Prior to making the offseason moves for Rich Harden and Brandon McCarthy, the Oakland Athletics already had the best pitching staff in the American League. Their 3.56 team ERA ranked first in the AL last year and fourth in the big leagues behind San Francisco, San Diego and Atlanta. The starting rotation stands to get better with another year of experience for young twenty-somethings Trevor Cahill, Brett Anderson and Gio Gonzalez.
With Dallas Braden sliding into the fourth slot, the fifth becomes an arms race between McCarthy, Harden, September call-up Bobby Cramer and the stirrup-clad Josh Outman, presumably sending the rest to an already solid bullpen. McCarthy and Harden seem to be the front-runners to pitch every fifth day. However, Josh Outman is an intriguing option as he pitched well in the first half of the 2009 season before Tommy John surgery shut him down prematurely.
The front-end of the rotation is set with Brett Anderson and Trevor Cahill each returning with sub-three ERAs from 2010 and in Cahill’s case, all-star recognition. Gio Gonzalez comes into the 2010 season not far behind them with his own 3.23 ERA and led the team with 171 strikeouts. Beyond the stats, Gonzalez seemed to mature from an unquestioned talent to a quality starter in 2010.
Lest we forget, their likely least talented pitcher threw a perfect game last year.
Behind the great rotation is a bullpen not likely to give up too many leads, anchored by two-time all-star Andrew Bailey (25 saves and a 1.47 ERA in 2010) and solid setup men Michael Wuertz and Brad Zeigler. It only gets stronger with the return of Joey Devine (0.59 ERA in 42 games in 2008) and whomever doesn’t make the opening day starting rotation. Southpaws Craig Breslow and Jerry Blevins seem set to be the left-handed options out of the bullpen for Manager Bob Geren. The two come into the 2011 season boasting mid-three ERAs each.
Questions certainly abound on the injury front. Will Devine and Outman be fully recovered from serious surgeries? Will Brett Anderson complete a full season? How much does the pitcher-friendly ballpark in Oakland deflate the team’s ERA? Is there any other AL pitching staff within sniffing distance of the A’s for these questions to matter?
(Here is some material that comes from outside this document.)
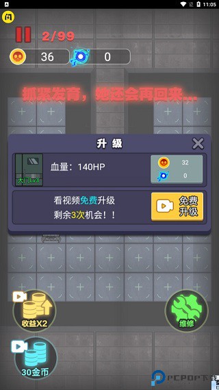 然后第一时间把床的每跳收益升级到+32,此时4个炮塔完全足够守住鬼的攻击。

There are quality staffs around the American League, but none that challenge Oakland. The Tampa Bay Rays have an ace in David Price and two flame-throwers (Joaquin Benoit and Rafael Soriano) in the bullpen but won’t dazzle you otherwise.
Have you heard that Cliff Lee no longer pitches for the Rangers? C.J. Wilson and Colby Lewis are solid but Texas still needs to fill out the rest of their rotation.
The front-end of the Red Sox rotation looks scary with Clay Buchholz and Jon Lester coming off great years. John Lackey is a pitcher that everyone wants in their rotation and loves to pitch in big games. Beyond those three, they have three potential starters with good track records but who struggled in 2010. Tim Wakefield, Josh Beckett and Daisuke Matsuzaka all had sub-standard years for the Sox.
The pitching staff for the A’s, combined with an upgraded lineup should have fans optimistic about the 2011 season. They can now challenge the scary lineups in New York, Boston, Texas, Minnesota, etc. After all, pitching wins championships. The Giants just proved it.